И в конце концов я действительно повзрослел – тогда, когда она умерла. А до того в этом не было никакой необходимости, пожалуй, это было даже нежелательно. Для Клаудии я всегда был ее мальчишкой-горлопаном, ее возлюбленным, ее капризным сыном.
Год или два после ее смерти, когда я без особого энтузиазма начал волочиться за другими женщинами, я изредка, вернее, почти всегда, стал замечать, что мне лучше притворяться перед ними неполноценным. Но в большинстве случаев я и был неполноценным, однако это мне мало помогало. Женщины очень точно знают, какую роль в чисто человеческих отношениях надо отводить интеллекту. Иногда благодаря уму ты можешь получить обед, но чтобы трахаться ум не обязателен. Тут всегда срабатывают более мощные факторы, скажем, красота и уродство, зависимость и независимость, жадность и необходимость. Я обычно во многом оказываюсь хуже по самым очевидным показателям, чем те остроумные и дорогие дамы, в чьем обществе я всегда нахожусь. И, тем не менее, они продолжают падать на меня одна за другой, как выброшенные за ненадобностью наряды.

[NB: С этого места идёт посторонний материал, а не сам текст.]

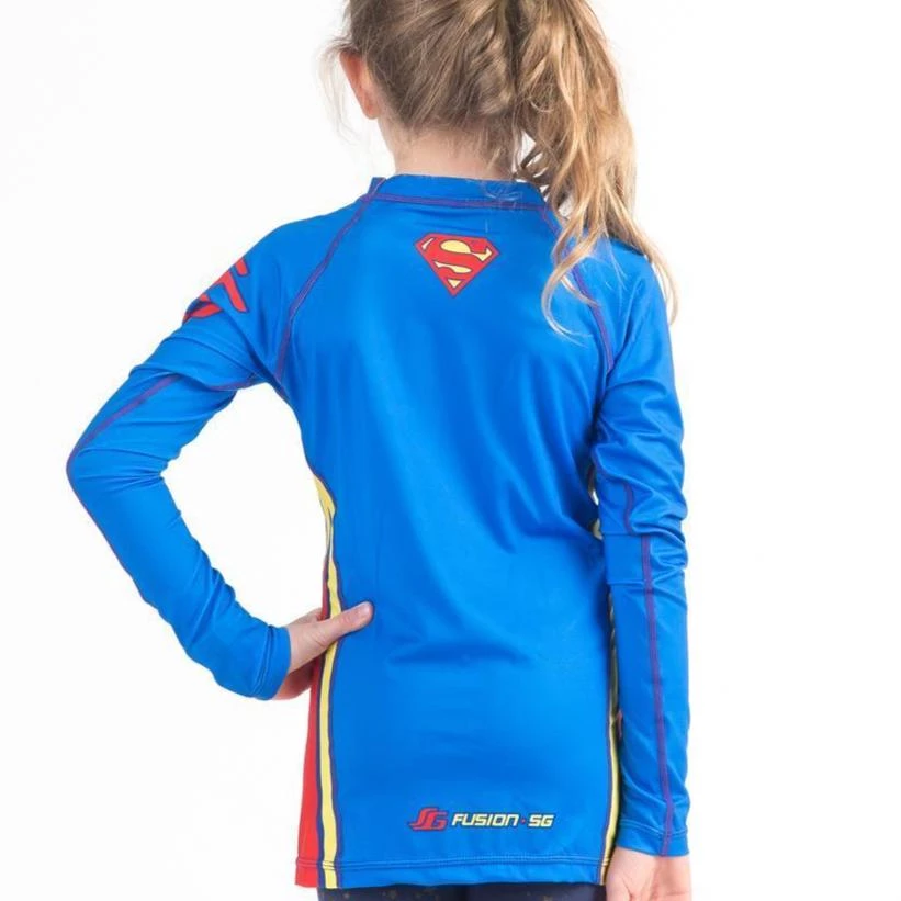 What kid isn’t a fan of one of the greatest superheroes on the planet (and the galaxy)? Fusion Fight Gear presents their iconic Superman Logo rashguard… in kid’s sizes! The perfect mix of protection and cool comic book style, your child will love it!Â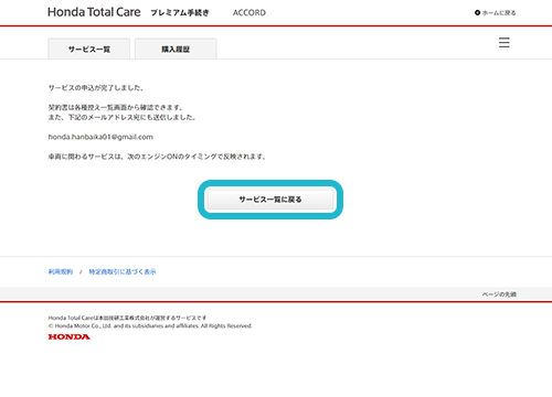 サービス申込完了画面が表示されます。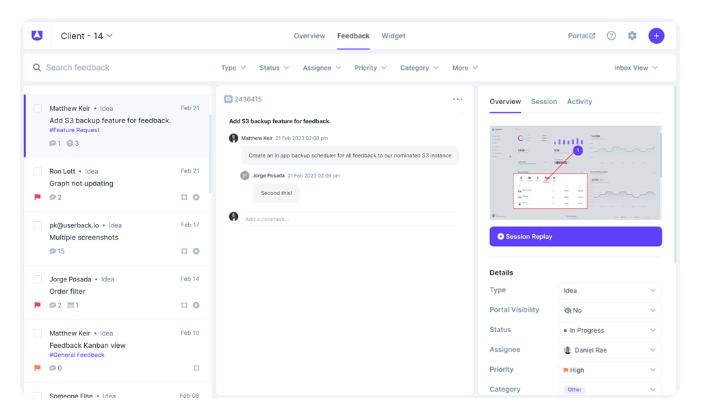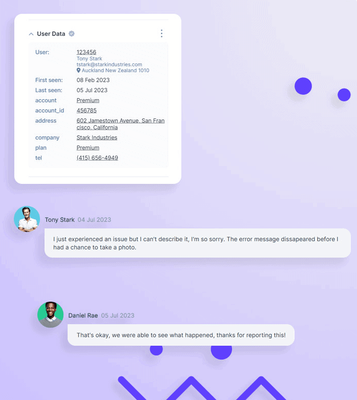 Userbackโs session replays give you the backstory behind every issue and feature request by automatically record user events, to get a deeper understanding of both site performance and user behavior.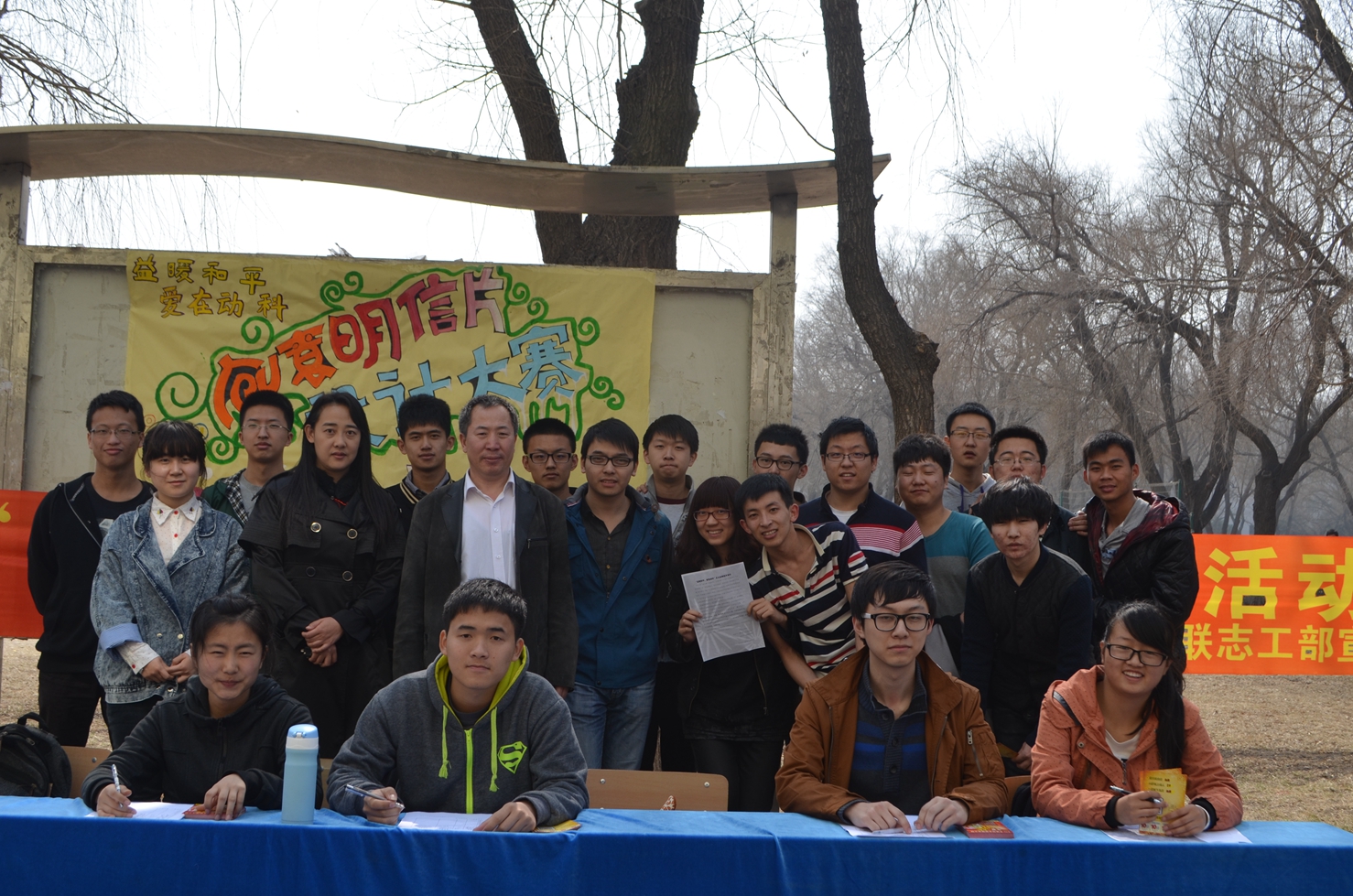 米乐mile官方网站外联志工部于3月27号中午在5号公寓门前举办了“益暖和平,爱在动科”系列公益活动之公益明信片设计大赛报名活动。院党委副书记曹伟光、团委书记于丹丹两位老师亲临活动现场,参与本次活动。
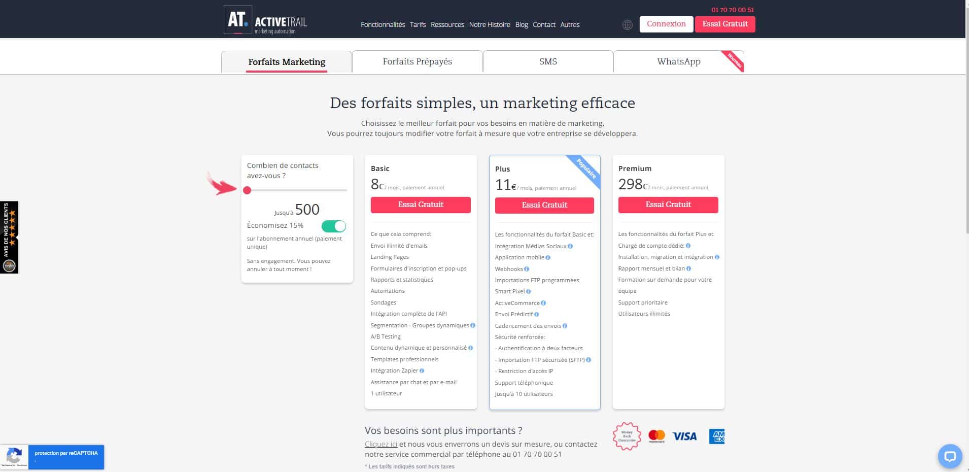 Les formules d’ActiveTrail sont simples à comprendre : trois niveaux, tous accessibles avec un essai gratuit, et des prix clairs selon le nombre de contacts.

Джилл это приводит в ярость. Она никак не может понять, что же такого есть во мне, чего они не замечают в своих красивых и ухоженных мужьях.
Но при этом у меня никогда не было полной уверенности, что Джилл ко мне привязана настолько, чтобы самой понять, что же эта ее привязанность значит. Ей, может, и в голову не приходит, что обычно страсть дает ответ на какой-то очень важный вопрос. В случае со мной и теми женщинами, которые, вроде бы, уж слишком для меня хороши, вопрос, на который дает ответ страсть, состоит в том, существует ли на свете что-нибудь действительно реальное, помимо красоты и денег. По крайней мере, именно на этот вопрос страсть дает ответ моим дамам. Для меня же этот вопрос скорее заключается в следующем: «Что мне делать без Клаудии?» Эти дамы решают мой вопрос на время. Но если ответ чисто временный повторять достаточно часто, он приобретает степень постоянности. А вот эта степень, разумеется, и есть все то, чего я от них жду.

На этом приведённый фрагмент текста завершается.